» TASK PROMPT
I'd like every entry returned exactly as it is, with the images left out.

» DATASET ENTRIES
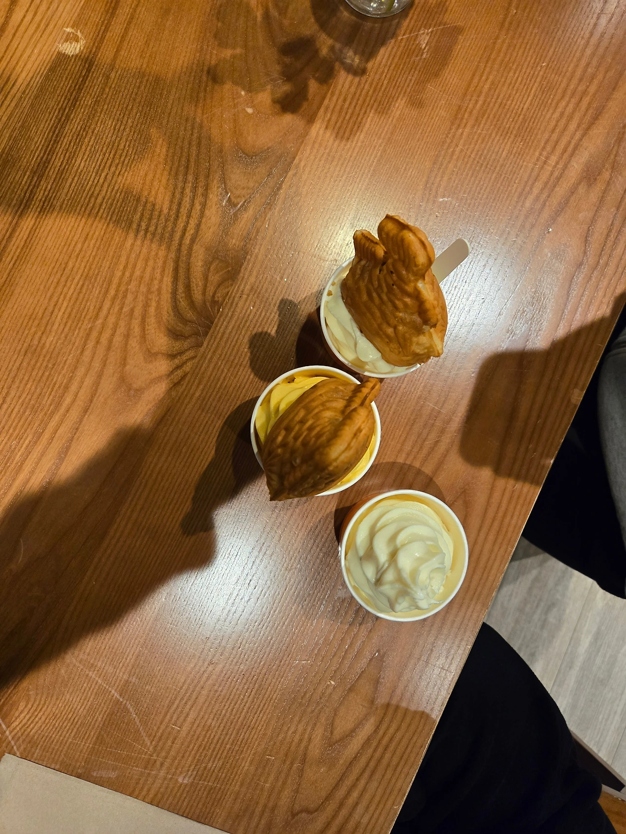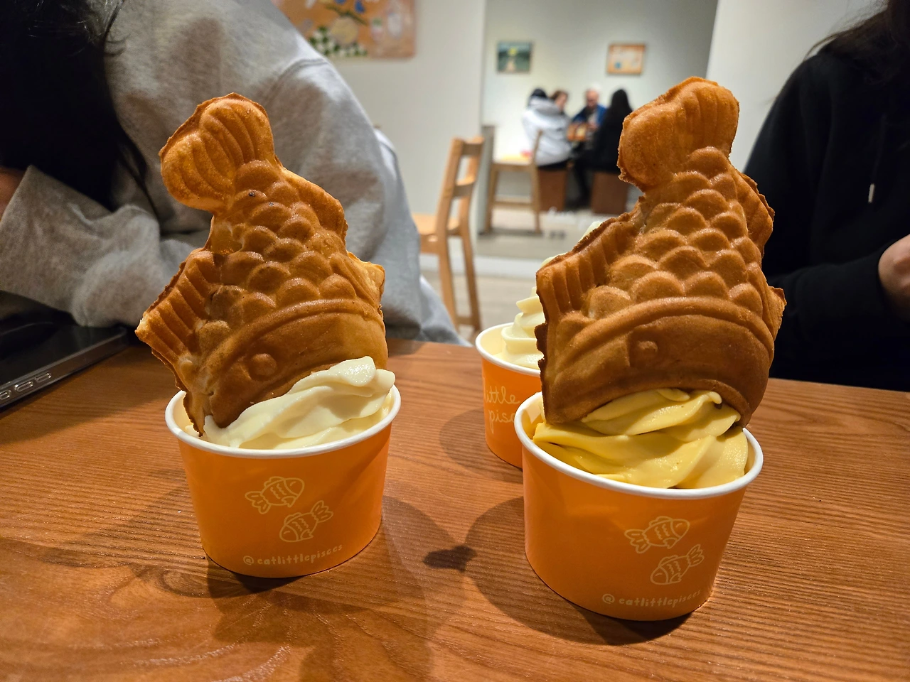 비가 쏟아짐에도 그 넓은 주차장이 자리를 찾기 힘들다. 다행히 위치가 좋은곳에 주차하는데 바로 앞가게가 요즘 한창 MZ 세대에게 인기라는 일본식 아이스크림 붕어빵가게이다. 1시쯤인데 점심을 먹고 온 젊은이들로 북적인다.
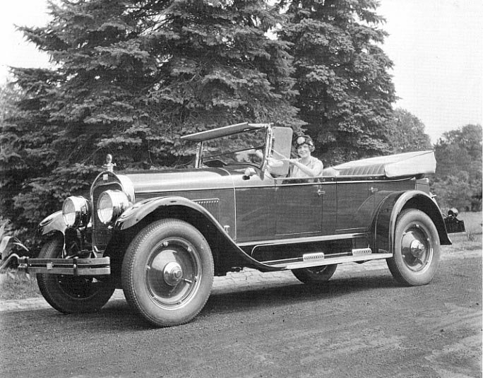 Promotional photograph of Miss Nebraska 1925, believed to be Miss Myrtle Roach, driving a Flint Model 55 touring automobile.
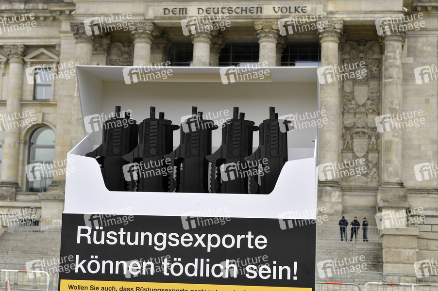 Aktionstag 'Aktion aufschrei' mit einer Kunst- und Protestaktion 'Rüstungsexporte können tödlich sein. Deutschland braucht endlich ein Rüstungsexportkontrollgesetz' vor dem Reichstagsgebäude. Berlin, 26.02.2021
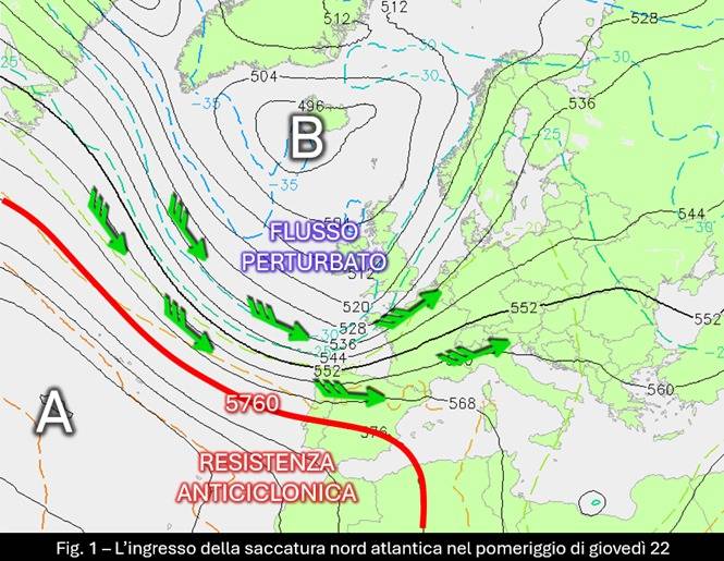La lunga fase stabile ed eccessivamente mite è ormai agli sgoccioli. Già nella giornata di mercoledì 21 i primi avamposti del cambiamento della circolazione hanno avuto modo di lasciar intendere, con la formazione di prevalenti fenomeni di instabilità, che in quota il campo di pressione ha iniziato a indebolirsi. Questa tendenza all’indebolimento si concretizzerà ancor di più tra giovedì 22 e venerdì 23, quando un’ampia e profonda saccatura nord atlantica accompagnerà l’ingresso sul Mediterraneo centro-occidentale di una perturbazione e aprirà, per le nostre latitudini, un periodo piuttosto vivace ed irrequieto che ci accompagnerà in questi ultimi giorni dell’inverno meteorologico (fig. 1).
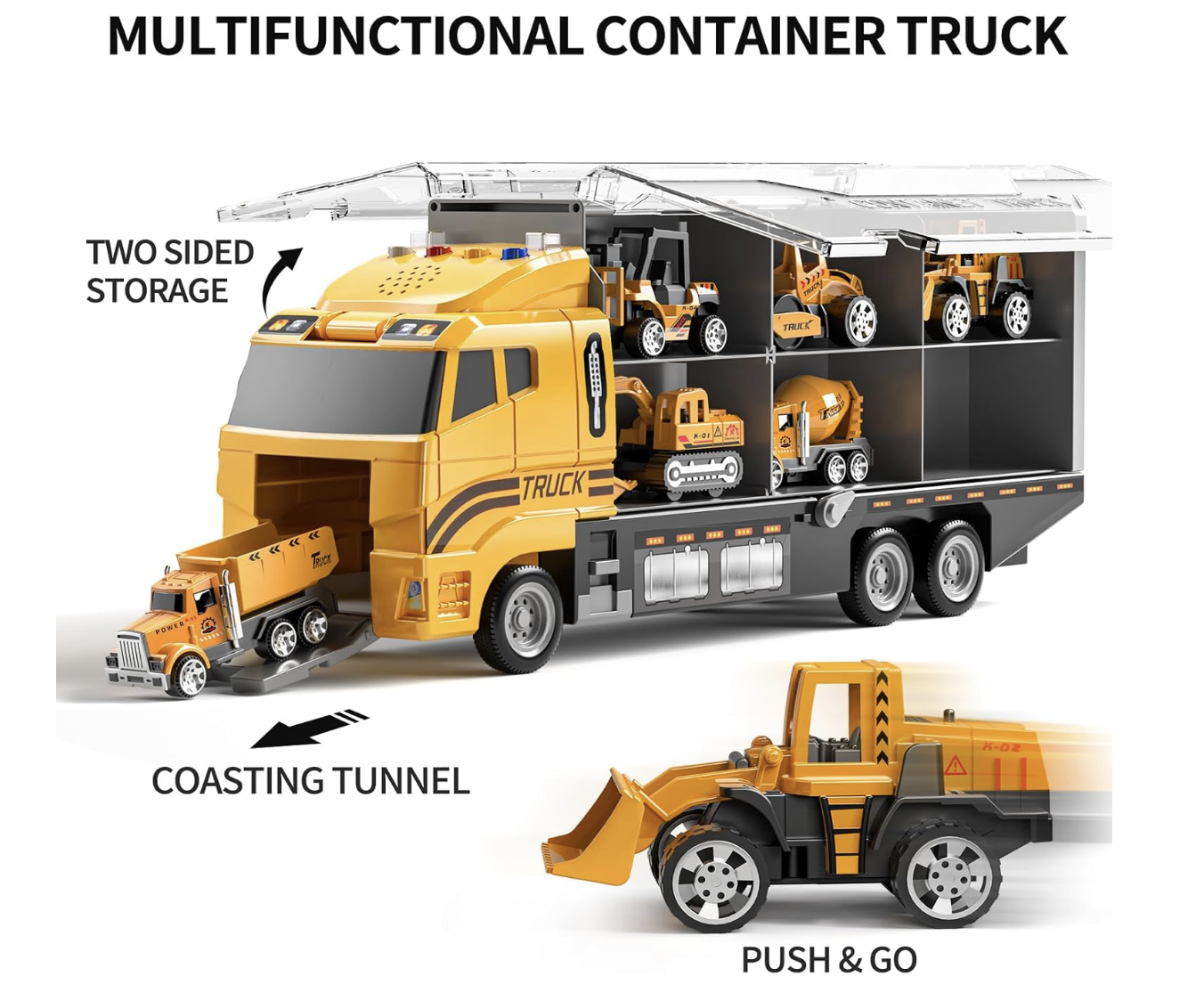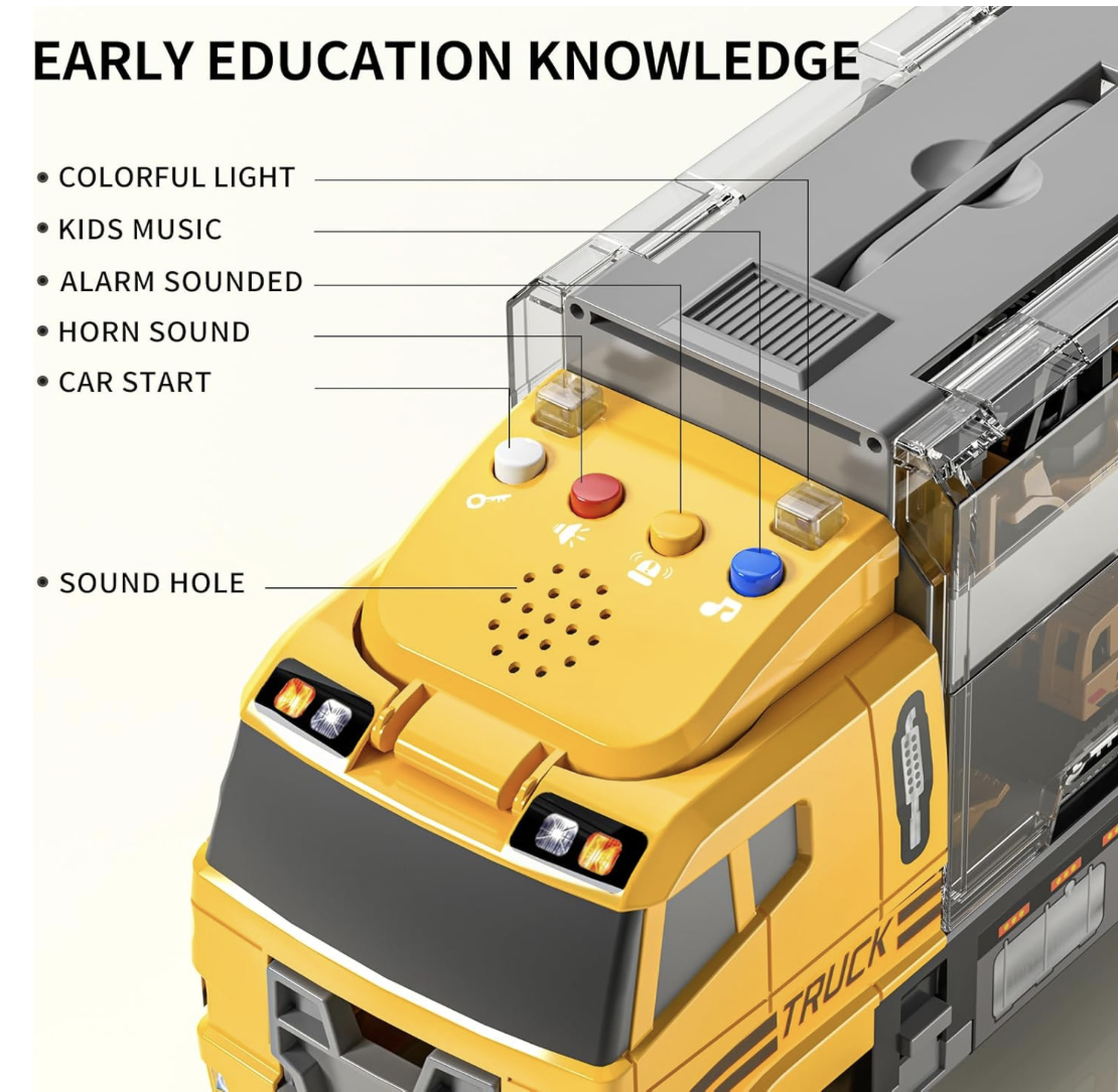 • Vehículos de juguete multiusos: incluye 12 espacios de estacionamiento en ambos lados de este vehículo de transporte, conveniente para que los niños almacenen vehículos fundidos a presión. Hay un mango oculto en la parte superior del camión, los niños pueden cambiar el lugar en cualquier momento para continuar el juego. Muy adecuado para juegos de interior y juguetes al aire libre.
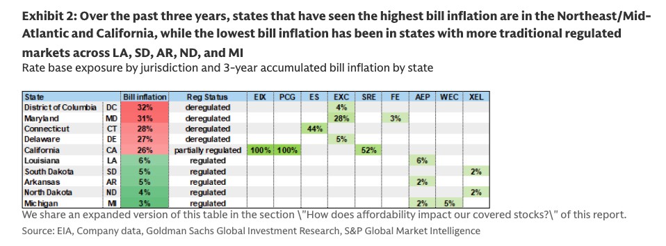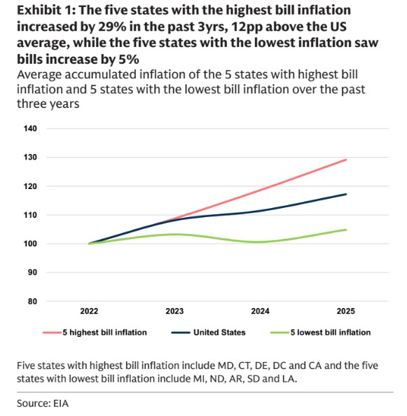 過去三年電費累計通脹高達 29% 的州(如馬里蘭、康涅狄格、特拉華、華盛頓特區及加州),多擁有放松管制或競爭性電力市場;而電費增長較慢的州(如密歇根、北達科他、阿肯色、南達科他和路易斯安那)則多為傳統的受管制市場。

» SOLUTION BELOW
 비가 쏟아짐에도 그 넓은 주차장이 자리를 찾기 힘들다. 다행히 위치가 좋은곳에 주차하는데 바로 앞가게가 요즘 한창 MZ 세대에게 인기라는 일본식 아이스크림 붕어빵가게이다. 1시쯤인데 점심을 먹고 온 젊은이들로 북적인다.
 Promotional photograph of Miss Nebraska 1925, believed to be Miss Myrtle Roach, driving a Flint Model 55 touring automobile.
 Aktionstag 'Aktion aufschrei' mit einer Kunst- und Protestaktion 'Rüstungsexporte können tödlich sein. Deutschland braucht endlich ein Rüstungsexportkontrollgesetz' vor dem Reichstagsgebäude. Berlin, 26.02.2021
La lunga fase stabile ed eccessivamente mite è ormai agli sgoccioli. Già nella giornata di mercoledì 21 i primi avamposti del cambiamento della circolazione hanno avuto modo di lasciar intendere, con la formazione di prevalenti fenomeni di instabilità, che in quota il campo di pressione ha iniziato a indebolirsi. Questa tendenza all’indebolimento si concretizzerà ancor di più tra giovedì 22 e venerdì 23, quando un’ampia e profonda saccatura nord atlantica accompagnerà l’ingresso sul Mediterraneo centro-occidentale di una perturbazione e aprirà, per le nostre latitudini, un periodo piuttosto vivace ed irrequieto che ci accompagnerà in questi ultimi giorni dell’inverno meteorologico (fig. 1).
 • Vehículos de juguete multiusos: incluye 12 espacios de estacionamiento en ambos lados de este vehículo de transporte, conveniente para que los niños almacenen vehículos fundidos a presión. Hay un mango oculto en la parte superior del camión, los niños pueden cambiar el lugar en cualquier momento para continuar el juego. Muy adecuado para juegos de interior y juguetes al aire libre.
 過去三年電費累計通脹高達 29% 的州(如馬里蘭、康涅狄格、特拉華、華盛頓特區及加州),多擁有放松管制或競爭性電力市場;而電費增長較慢的州(如密歇根、北達科他、阿肯色、南達科他和路易斯安那)則多為傳統的受管制市場。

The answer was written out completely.